I feel that being independent means I can do things on my own. I don’t have to rely on a person or don’t have to be dependent on a person…. But… I equate [being] individualistic more to self-centeredness. Yes, but I don’t think being independent is being self-centered…. They are different. (Huizhong)

Jai, a Gen X Singaporean, explained how these seemingly conflicting norms may be accommodated:

How do I reconcile? I think maybe it’s a very Asian thing or Chinese thing; you tend to be a little bit more self-sacrificial than others… (Jai)

Jun, a Singaporean Baby Boomer added, ‘that you are not alone. You need to… consider others in things that you do’.

These comments are representative of how the women in this book thought. Even though they said they wanted independence , traditional Chinese collectivism appears to have remained an integral part of their internalised values.

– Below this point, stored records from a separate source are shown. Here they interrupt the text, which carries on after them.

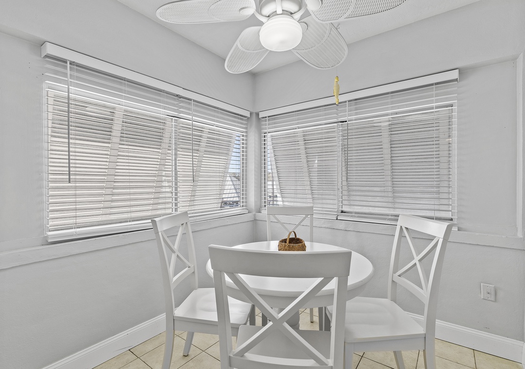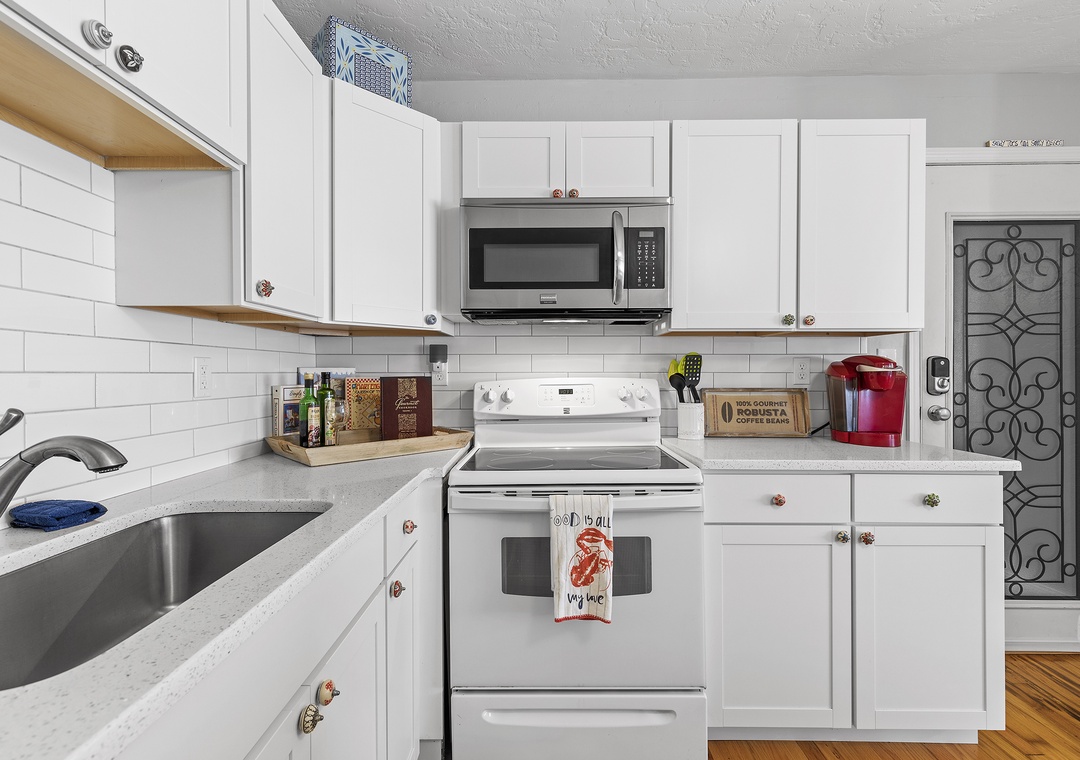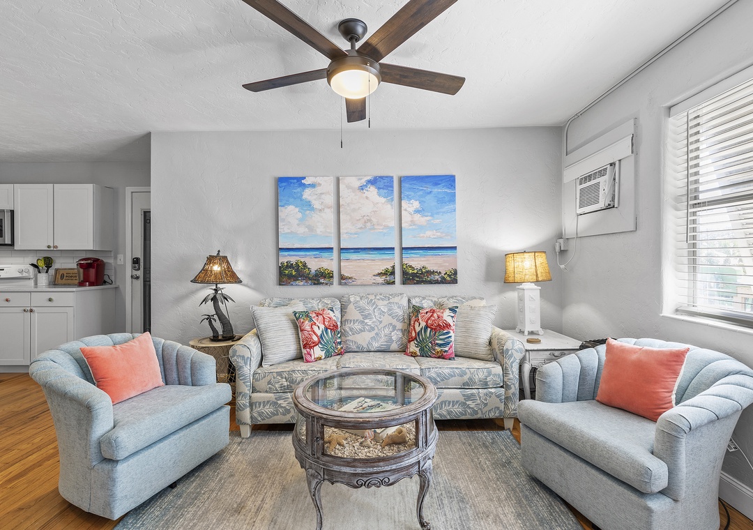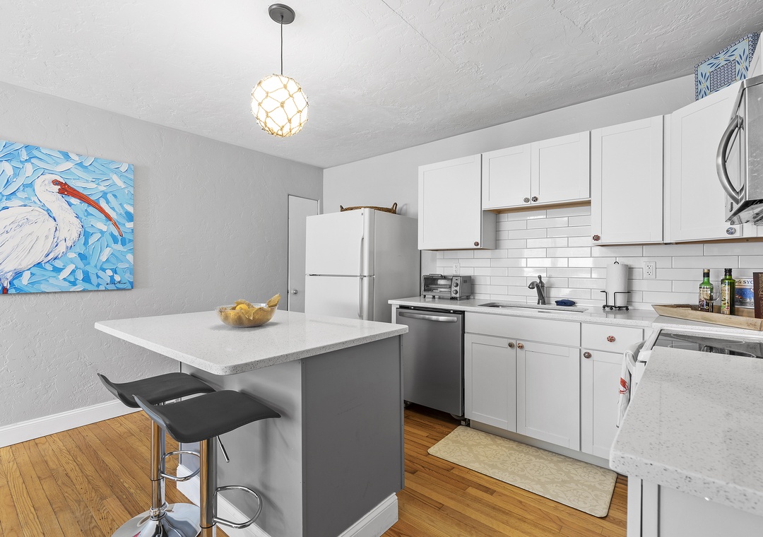 After a day of enjoying the vibrant energy of Flagler Avenue, return to your cozy suite, perfect for up to four guests. The living room offers comfortable seating for relaxing, a writing desk for remote work, and a mounted TV with cable for your favorite shows. The fully stocked kitchen has all the essentials to prepare meals, which you can enjoy at the breakfast counter or dining table for four.
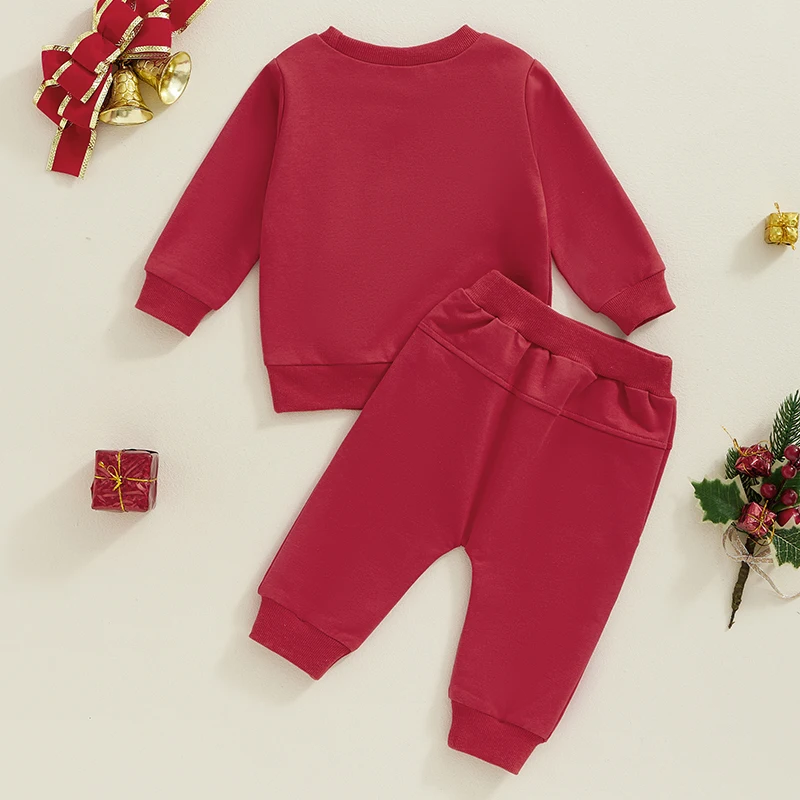 Comprar Suefunskry-Conjunto de sudadera de manga larga con letras bordadas para bebé, ropa de 2 piezas para Navidad, Tops y pantalones, otoño
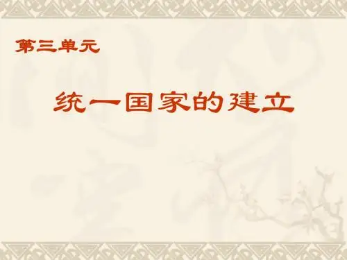 第三单元《统一国家的建立》教案一、教材分析《“秦王扫六和”》是第三单元《统一祖国的建立》首篇教学内容,根据历史新课程标准的内容,让学生了解秦兼并六国、实现国家的统一,建立起我国历史上第一个统一的多民族的中央集权国家以及秦始皇加强中央集权的史实,探讨统一国家建立的意义.使学生认识到秦的统一是历史发展的必然趋势,秦始皇是中国古代一位雄才大略的封建帝王.他所采取的一系列巩固统一的措施,对以后中国历史产生了深远的影响.因此,本节课在整个中国古代史中也占有十分重要的地位。
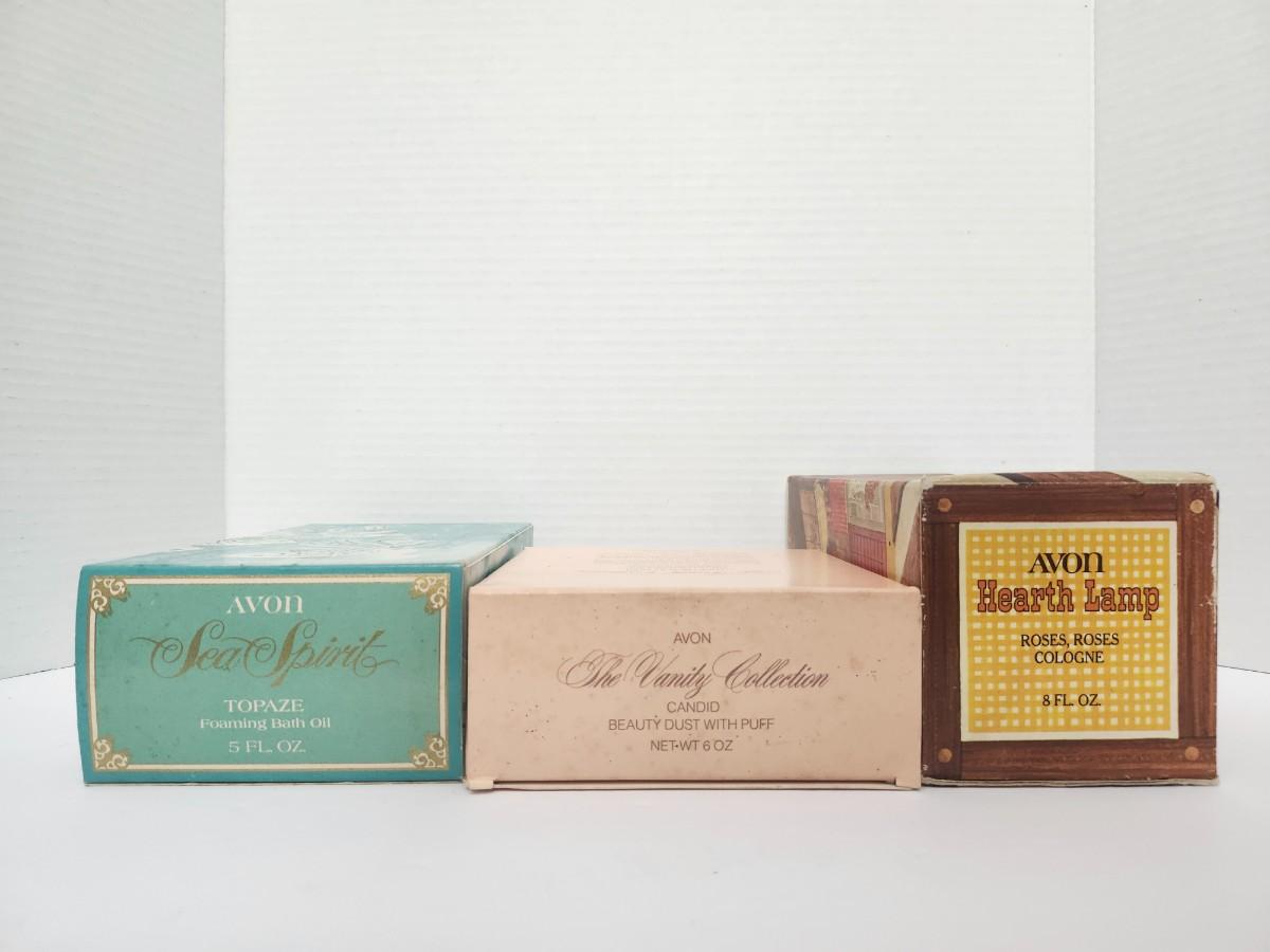 Avon Vintage Fragrance Gift Lot Sea Spirit Topaze Vanity Collection Beauty Dust Hearth Lamp Roses

Proceeding Cautiously in a Time of Changing Norms

Understanding that they were charting new territory, and given their traditional childhoods, perhaps these daughters were simply proceeding cautiously. Comments such as the following suggest this might have been the case:

We will also want our own way, maybe not so much as the Gen Y because maybe during our time it’s like we are slowly testing the waters…. Ok, maybe I want to do this. [I’m] not sure what it’s like, [or] would society accept [it] or whatever. (Meifeng, Singapore Gen X; Emphasis added)

I don’t think my generation is the sort to complain because we realise we can’t have our cake and eat it. We will want to continue to work but at the same time we will have to raise the family. So, we take it in our own stride. (Shu, Singapore Baby Boomer; Emphasis added)

By balancing their own needs with those of their parents, daughters showed traditional respect, even though in most cases they said respect must be earned:

I respect my parents’ generation for what they have done, but respect is not an automatic thing, at least for me. It must be earned, regardless of whether you are older than me or not…. Filial piety cannot be like default. (Nuo)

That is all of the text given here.